Thursday, May 7, 2015

Snake in the Garden

So we have a snake in the church garden.

A little garter snake. Not likely to kill anyone on its own unless human stupidity is involved. Garter snakes are actually quite beneficial to gardens, eating bugs and worms, and are not venomous.

I discovered our resident while inspecting some dead branches of a shrub. I noticed one of the beaches seemed striped.

"Odd," I thought, then leaned in.

This leaning in bit will almost always lead to more information than you might want to know. Thus, I discovered a snake.

I grew up in the country, so I have a healthy respect for snakes. They don't send me into apoplectic fits, mostly, but I don't want one as a pet. I'm a big fan of snakes who respect boundaries - they stay in their spaces and stay out of mine.
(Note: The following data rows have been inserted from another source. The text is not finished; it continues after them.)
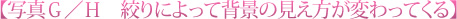 「絞りF3.2」で撮影した写真Gは背景が完全にぼけていますが、写真Hは背景がややシャープになり、背景の様子が見て取れます。
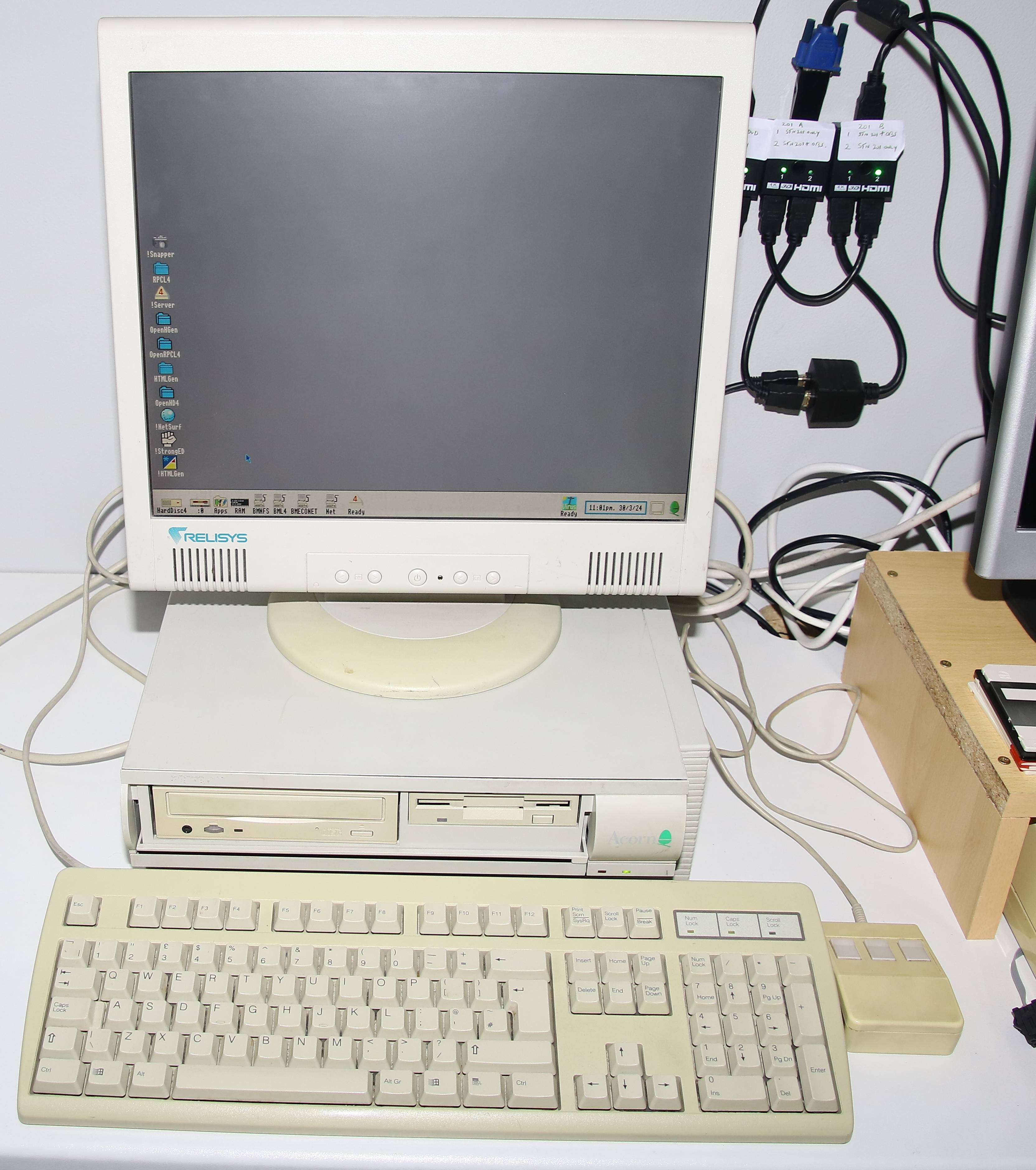 With the extra bench length, I can add more machines, and for the first time a 32-bit Acorn graces the new BeebRoom: my RISC PC 700.
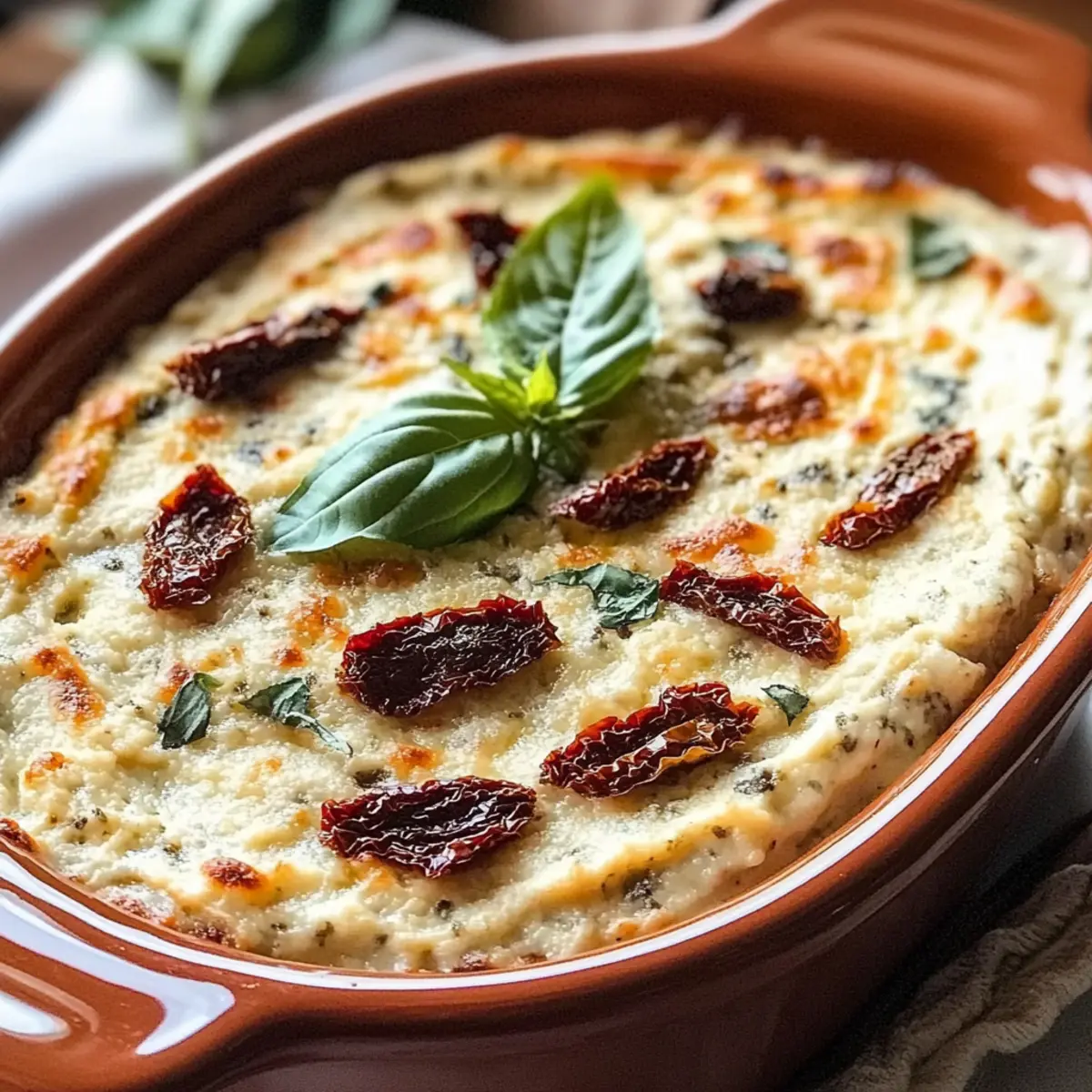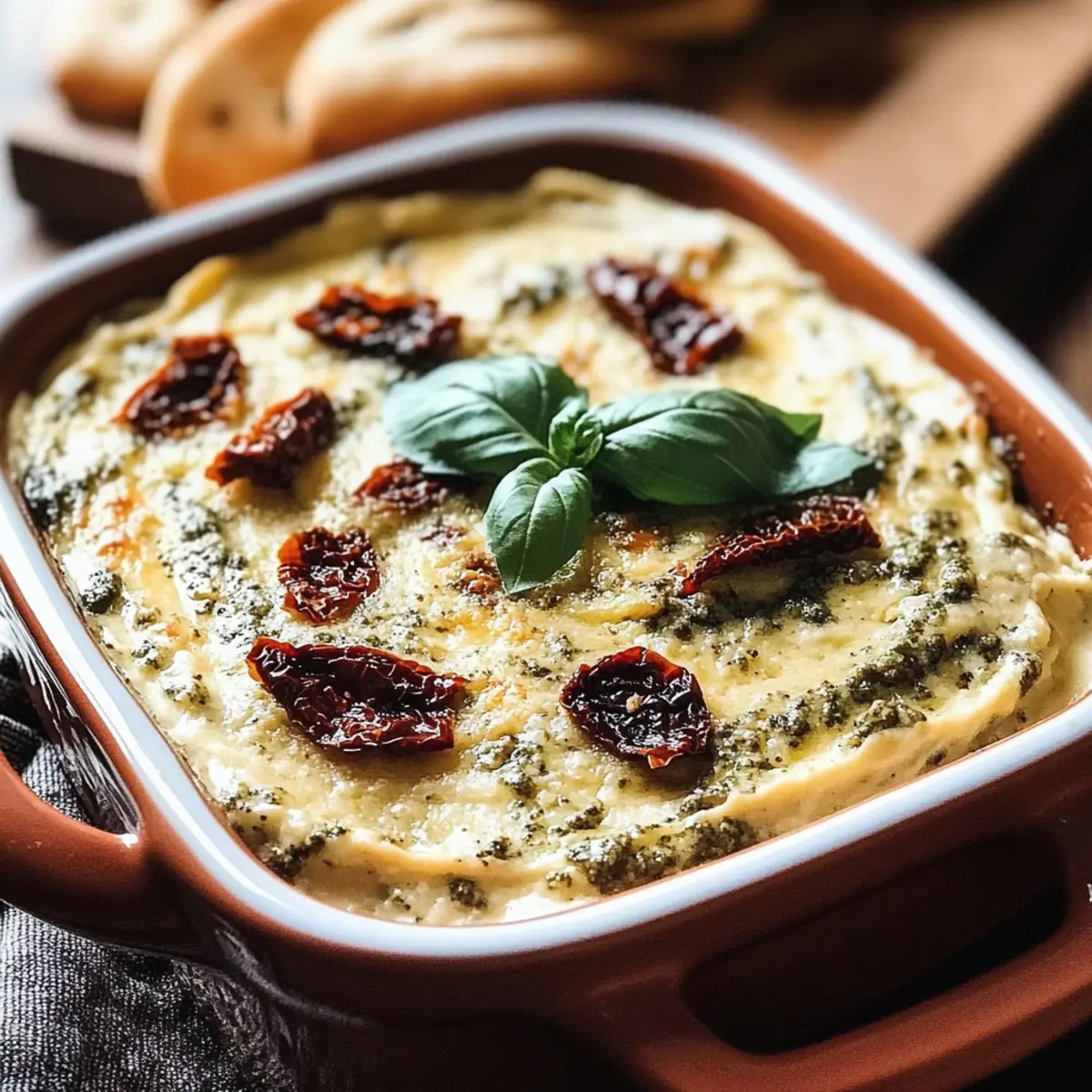 Cremiger gebackener Dip mit getrockneten Tomaten und Pesto
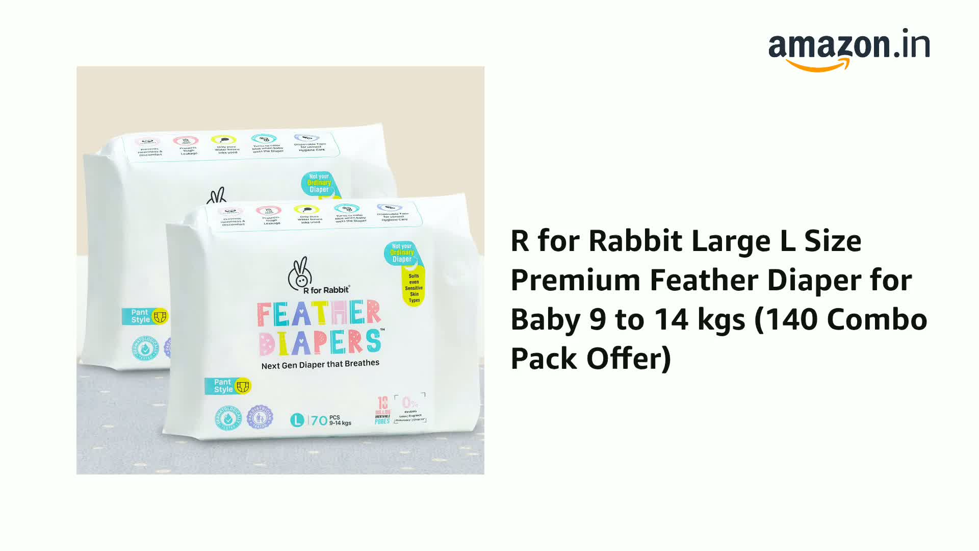 • Sizing Guide: R for Rabbit Feather Diaper with L Size is ideal for babies from 9-14kgs
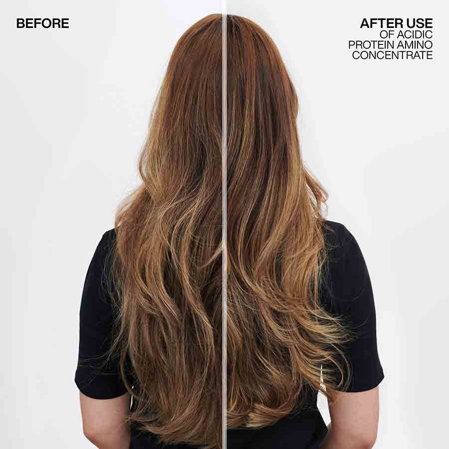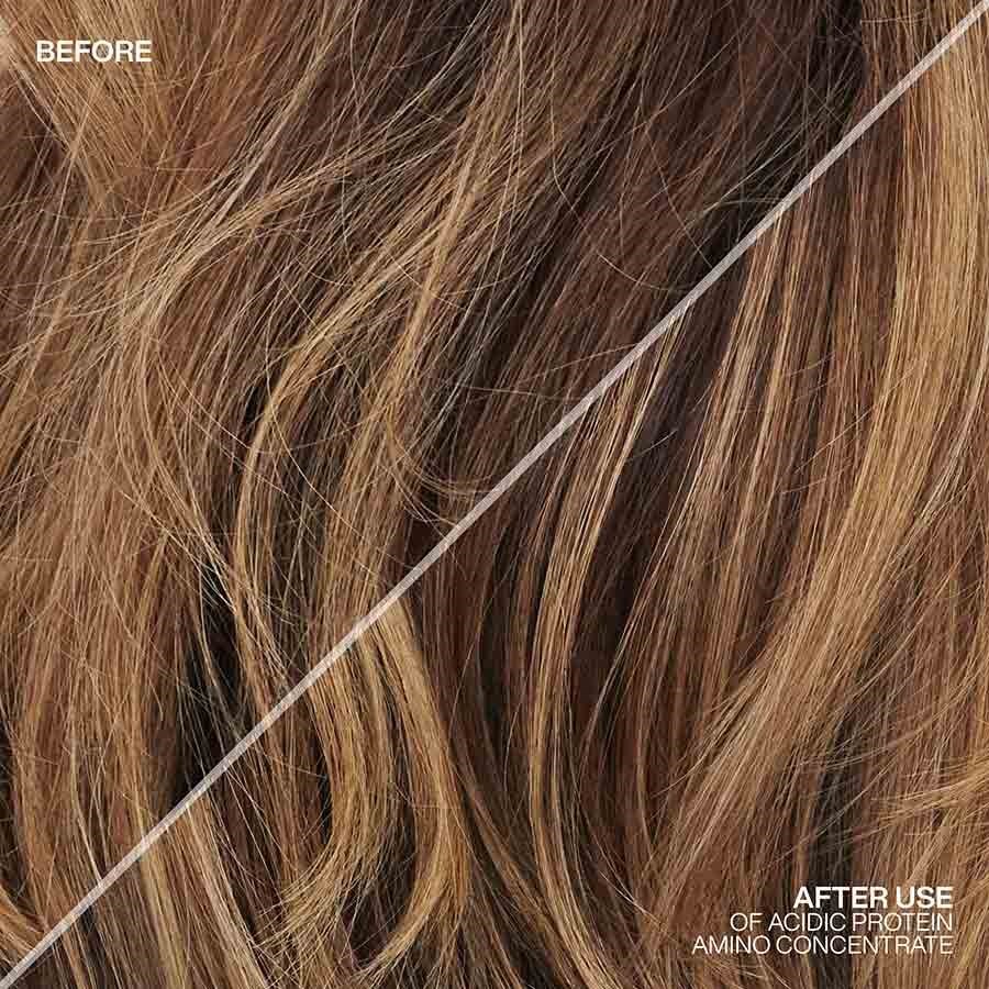 Formulated with 7% Cationic + Amino Acids. For professional use only to balance protein levels of hair. Helping to reduce breakage and repair strength. Suitable for color treated hair. Visibly reverses the appearance of surface damage in a single use when used as a system with Acidic Moisture Concentrate and Acidic pH Sealer. Formulated at salon expert concentration.
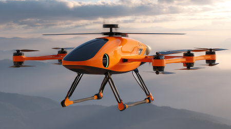 An eye-level perspective of an orange drone, gracefully suspended against a background of muted hills and sky. Its sleek design and multi-rotor setup offer a compelling view of autonomous technology.
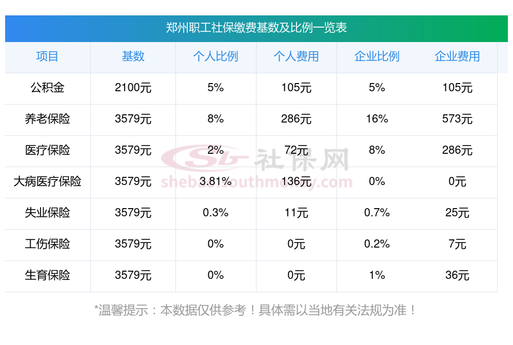 一、据新社通app获悉:郑州 企业职工社保缴费基数为:3579.00元,郑州社保缴费基数2025年最新标准如下:
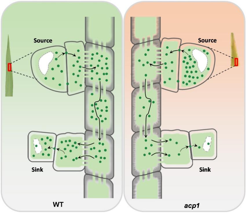 该研究通过对水稻叶片进行淀粉碘-碘化钾染色,根据淀粉与碘反应呈蓝色的深浅变化,从EMS突变体库中筛选出1个叶片淀粉染色变深、光合产物含量显著升高的突变体(aberrant carbohydrate partitioning 1,acp1)。ACP1主要在发育中的维管束中表达。染料负载和糖输出实验表明,acp1突变体的糖转运能力受损。研究发现acp1突变体纤维素合成缺陷,造成韧皮部细胞壁结构异常。进一步研究发现由于细胞壁受损,突变体的膨压下降,无法为光合产物的有效输出提供足够驱动力,最终导致光合产物的输出受阻。本研究揭示了ACP1通过调控细胞壁形成,进而影响蔗糖的长距离运输,为深入理解作物碳水化合物分配的分子基础提供了新的见解,也为作物产量和品质改良提供了潜在的分子育种靶点。
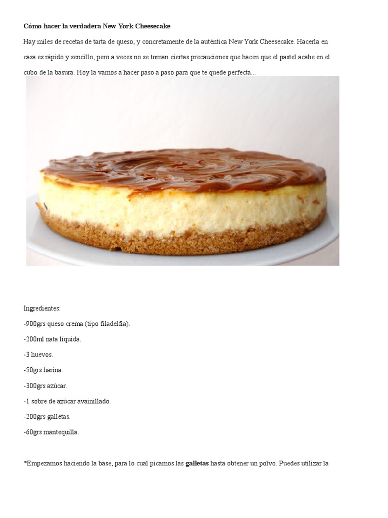 Hay miles de recetas de tarta de queso, y concretamente de la autntica New York Cheesecake. Hacerla en
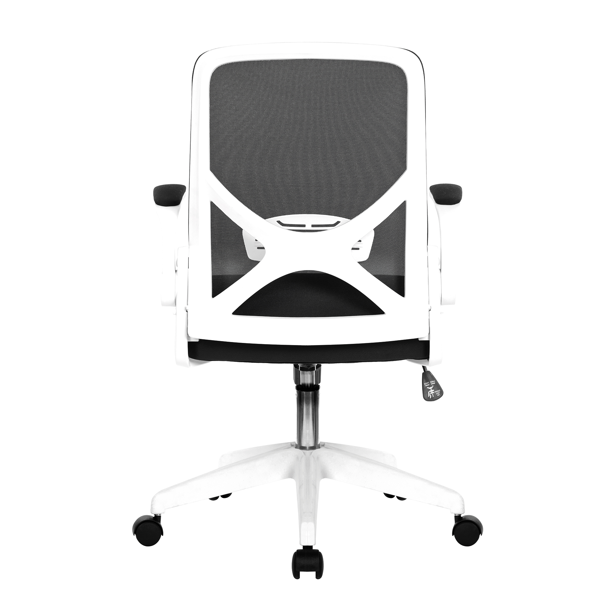 required. The chair features fixed lumbar support, a generously padded seatpad, complementing mesh back upholstery and a striking

We humans, by and large, are unsettled by snakes. Not a rational fear, mind you. Most snakes are not venomous. Snakes are quite beneficial to the ecosystem, even the poisonous ones. We in the United States are much more likely to die by a spider bite than a snake bite. Maybe we blame the whole serpent in Genesis bit to explain our fear of snakes, which is fair. Except that we forget that the serpent is also used by Moses to heal those who are dying (in a rather mysterious passage). The snake is a long-held symbol of life, death, and resurrection. If you've never read anything on the mythology of serpents in the Ancient Near East and the detailed use of serpent and the vast span of meaning in Holy Scripture, I commend the reading to you.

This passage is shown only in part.